Data block:
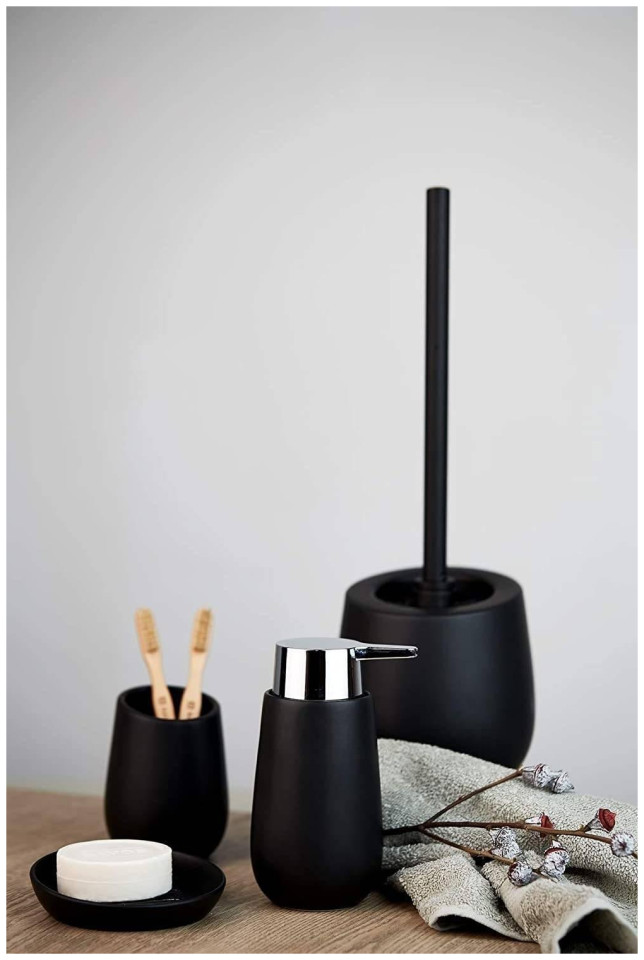 Badi Μαύρη βούρτσα τουαλέτας Κατασκευασμένη από κεραμικά, ολόμαυρη βούρτσα τουαλέτας με δοχείο και μύτη σιλικόνης Χαρακτηριστικά προϊόντος: Υλικά: ΚεραμικάΧρώματα: Μαύρο Στυλ: Μοντέρνο Διάμετρος: 13,5 cmΎψος: 38 cm
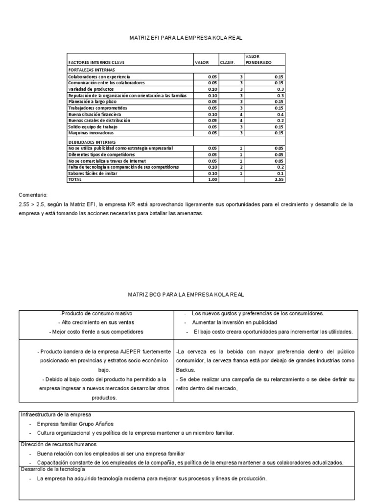 1. La matriz EFI nos arroja un valor de 2.55, que está por encima del promedio de 2.5, lo que nos indica que es una empresa que tiene
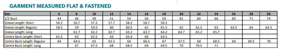 Centre back length at size 12R = 65.5cm
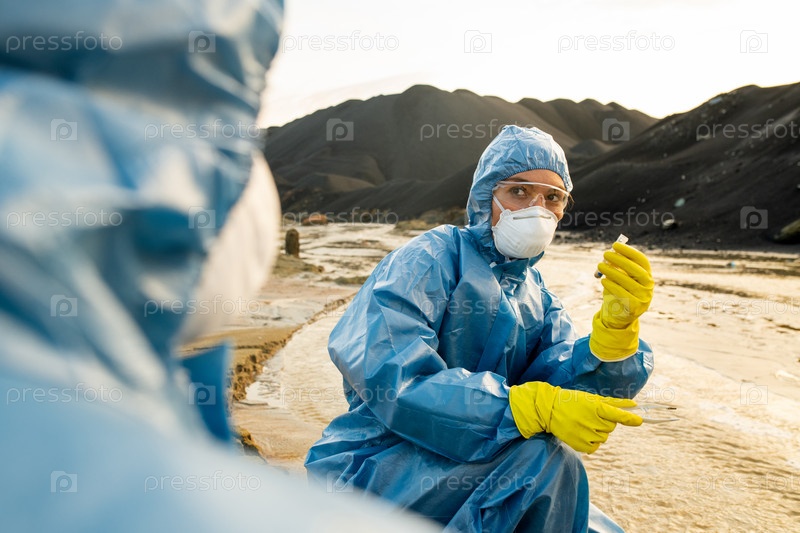 Женщина-эколог в защитных комбинезонах, очках и респираторах держит образец токсичной воды

Instructions for the task: Word for word, restate all of the material, omitting the images.

Answer section:
 Badi Μαύρη βούρτσα τουαλέτας Κατασκευασμένη από κεραμικά, ολόμαυρη βούρτσα τουαλέτας με δοχείο και μύτη σιλικόνης Χαρακτηριστικά προϊόντος: Υλικά: ΚεραμικάΧρώματα: Μαύρο Στυλ: Μοντέρνο Διάμετρος: 13,5 cmΎψος: 38 cm
 1. La matriz EFI nos arroja un valor de 2.55, que está por encima del promedio de 2.5, lo que nos indica que es una empresa que tiene
 Centre back length at size 12R = 65.5cm
 Женщина-эколог в защитных комбинезонах, очках и респираторах держит образец токсичной воды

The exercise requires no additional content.